◆ PROBLEM STATEMENT
Pictures are to be left out; otherwise, copy exactly the lines from the line containing "국힘, 특검·법원 앞" through the end of the data.

◆ DATA EXTRACT
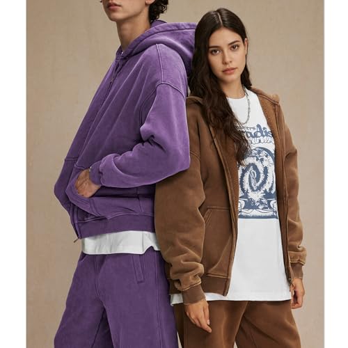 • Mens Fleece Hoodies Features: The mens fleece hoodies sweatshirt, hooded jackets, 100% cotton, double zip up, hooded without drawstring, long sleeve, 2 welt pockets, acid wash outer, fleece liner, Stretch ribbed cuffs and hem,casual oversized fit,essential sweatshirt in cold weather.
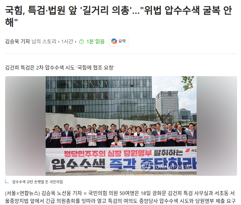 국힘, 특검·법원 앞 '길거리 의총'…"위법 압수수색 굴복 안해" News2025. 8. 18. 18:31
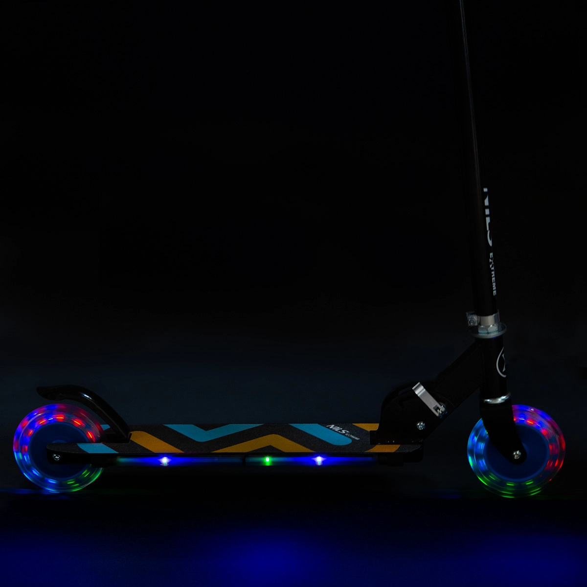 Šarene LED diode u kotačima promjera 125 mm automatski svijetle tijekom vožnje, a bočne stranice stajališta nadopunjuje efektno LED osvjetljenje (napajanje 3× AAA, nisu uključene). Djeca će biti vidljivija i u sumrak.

◆ REPLY TO THE TASK
 국힘, 특검·법원 앞 '길거리 의총'…"위법 압수수색 굴복 안해" News2025. 8. 18. 18:31
 Šarene LED diode u kotačima promjera 125 mm automatski svijetle tijekom vožnje, a bočne stranice stajališta nadopunjuje efektno LED osvjetljenje (napajanje 3× AAA, nisu uključene). Djeca će biti vidljivija i u sumrak.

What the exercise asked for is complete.